David Emerson's website has some good information regarding alternatives to Stem Cell Transplants. http://multiplemyeloma.peoplebeatingcancer.org/
There is a well known doctor in California that no longer supports SCT's, but I'm at a loss at the moment of his name. Perhaps someone else will know.
I also recommend you contact Nick. He seems to be fairly well versed on the California doctors, but he went to Little Rock. http://nvdmyeloma.blogspot.com/
Good luck to you Barbara.
Lori
Dear Barbara,
In addition to Lori's suggestions, you may want to check out our directory of myeloma and cancer treatment centers. There are a number of excellent centers in California or neighboring states.
In particular, here are several well-known physicians and treatment centers in the western U.S.:
Dr.
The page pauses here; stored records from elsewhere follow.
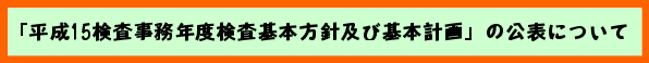 | ※ | 「平成15検査事務年度検査基本方針及び基本計画」をご覧になりたい方は、金融庁ホームページの「報道発表など」から「「平成15検査事務年度検査基本方針及び基本計画」の公表について」(平成15年8月18日)にアクセスしてください。また、「金融検査」については、アクセスFSA本号の「金融便利帳:金融検査」もご覧ください。 |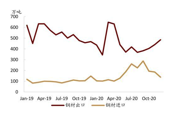在國內(nèi)需求仍有增長的情況下,為避免壓縮產(chǎn)量造成鋼材價格過熱而擠壓下游制造業(yè)利潤,可以配套降低鋼材出口,尤其是基礎(chǔ)型的鋼材。這樣,我們預計今年鋼材出口在去年低基數(shù)下可能增長有限,以保障國內(nèi)需求,在一定程度上平抑國內(nèi)鋼材價格波動。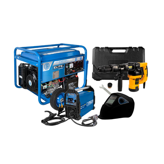 COMBO GENERADOR PORTATIL GASOLINA 6.5KW + SOLDADOR INVERSOR + MARTILLO DEMOLEDOR SDS MAX 1300W + CARETA SOLDADURA ELECTRONICA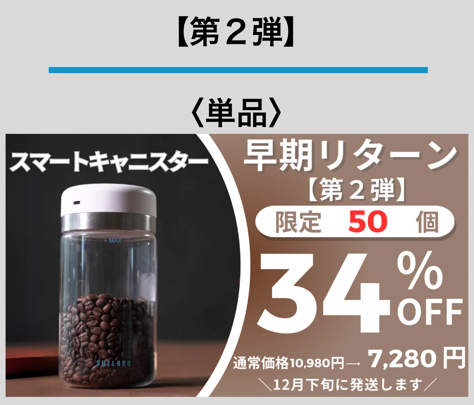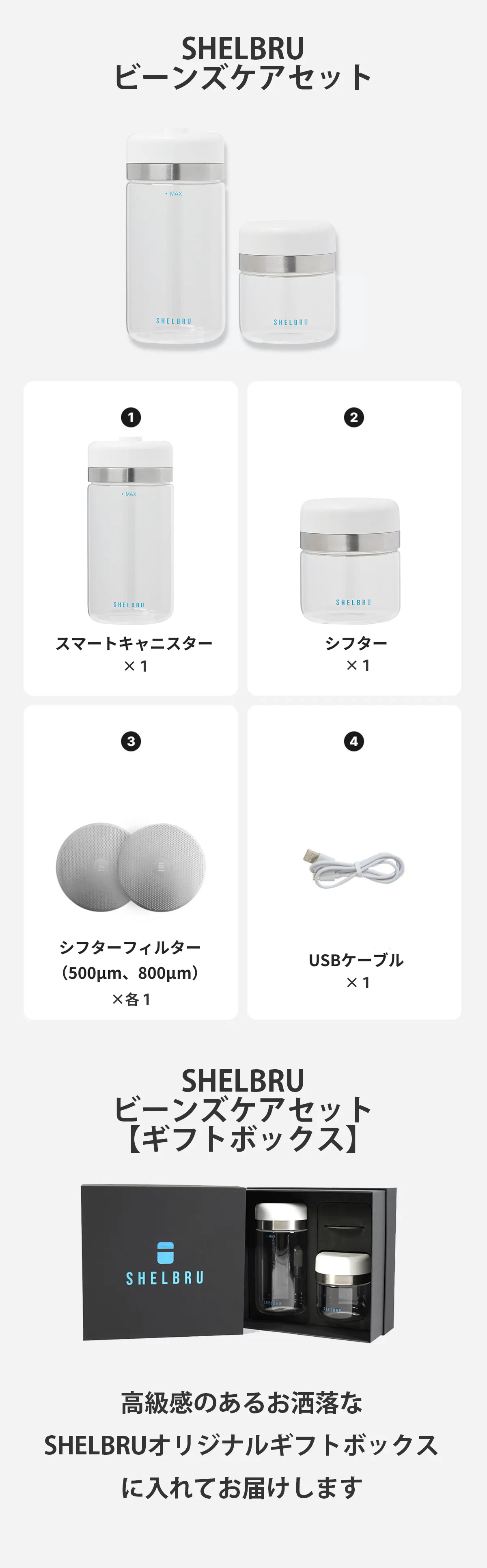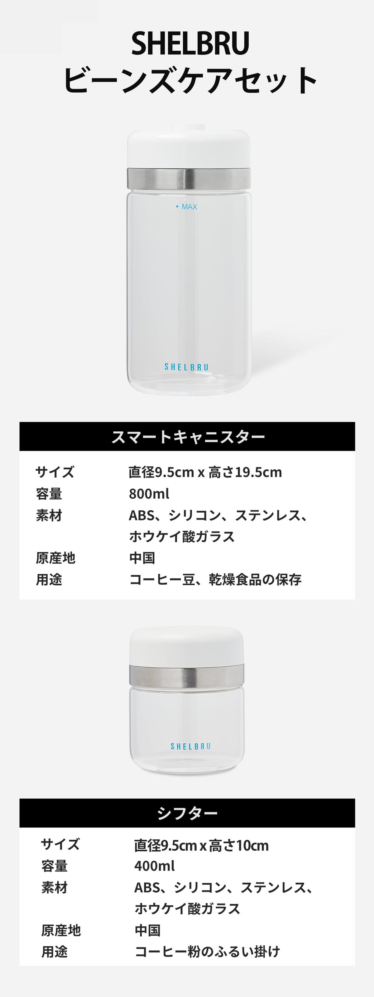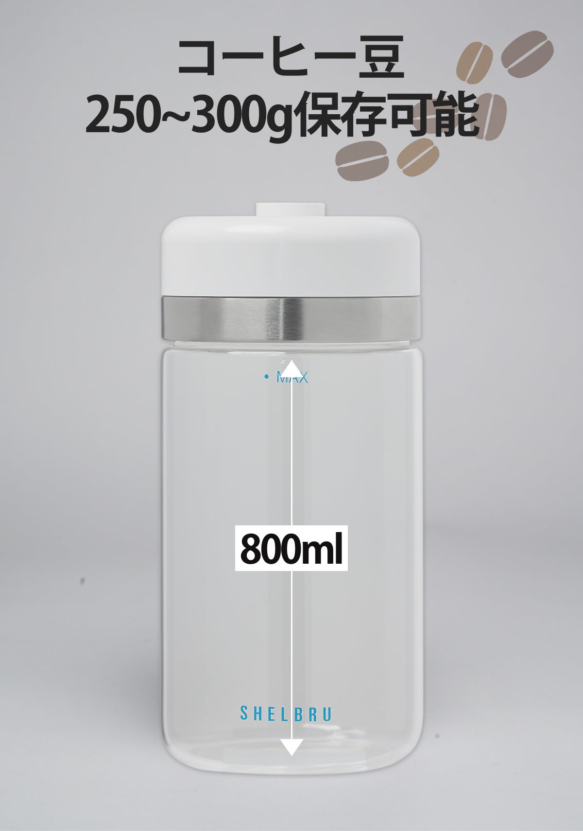 ※製品のガラス部分「・MAX」の文字がページ上ではシルバーとなっていますが、リターンは水色のものになります。また、キャニスターの下部に「SHELBRU」のロゴが入りますのでご了承ください。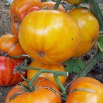 Плоды томата Большой оранжевый полосатый имеют характерную плоскоокруглую форму и могут достигать массы до 500 граммов. Их внешний вид привлекает внимание благодаря яркому оранжевому цвету с желтыми полосками, что делает их не только вкусными, но и эстетически привлекательными. Такой окрас плодов является отличительной чертой сорта и добавляет разнообразия на столе.

Brian Durie, Cedars Sinai Medical Center, Los Angeles, CA
http://www.cedars-sinai.edu/Patients/Health-Conditions/Multiple-Myeloma-Cancer.aspx
Dr. James Berenson, who owns a private practice in Hollywood, CA. He is the physician Lori was referring to who no longer supports the use of stem cell transplants
http://www.berensononcology.com/
Dr. William Bensinger, Fred Hutchinson Cancer Research Center in Seattle, WA http://www.fhcrc.org/research/diseases/multiple_myeloma/
There are many myeloma specialists at the Mayo Clinic in Scottsdale, AZ and Rochester, MN http://www.mayoclinic.org/multiple-myeloma/
Thank you "Beacon Staff". I was hoping someone would fill in the pieces for Barbara, where I could not.
Hello,
My close friend (a non-smoking, trim/fit, caucasian female in 50’s) was recently diagnosed with MM, probably stage II, but with very little kidney or bone damage and minimal lesions. We are waiting on further tests coming back next week to get a better idea of prognosis and treatment options. Currently she is being seen by Dr Tibor Moskovits, and is likely to be treated by Dr Amitabha Mazumder, both at NYU in New York City, if she chooses to start treatment at that center.
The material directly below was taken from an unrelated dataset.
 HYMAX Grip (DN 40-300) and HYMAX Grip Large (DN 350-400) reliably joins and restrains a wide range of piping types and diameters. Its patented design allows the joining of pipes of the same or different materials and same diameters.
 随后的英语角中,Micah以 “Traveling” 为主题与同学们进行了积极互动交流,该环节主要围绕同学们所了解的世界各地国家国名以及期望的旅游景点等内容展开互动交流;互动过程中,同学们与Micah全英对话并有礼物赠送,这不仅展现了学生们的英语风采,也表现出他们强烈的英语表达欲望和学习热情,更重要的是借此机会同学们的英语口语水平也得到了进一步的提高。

Obviously, we want to make sure she gets the best treatment available from a specialist, hopefully in NYC/Tri-State area. It would be hard for her to travel (away from NYC area) for treatment, but if needed it might be considered later.
In searching for specialist though, we are having a hard time finding out whom to speak to next. Is there a list somewhere of the top specialist in this field? We have only been able to find the top hospitals (for cancer, in general) so far. Alternatively, does anyone happen to know the top specialists located in or near NYC area? We hear Memorial Sloan Kettering or Columbia/Cornell are excellent (#2 & #19 for Cancer hospitals), but that is as much as we can find.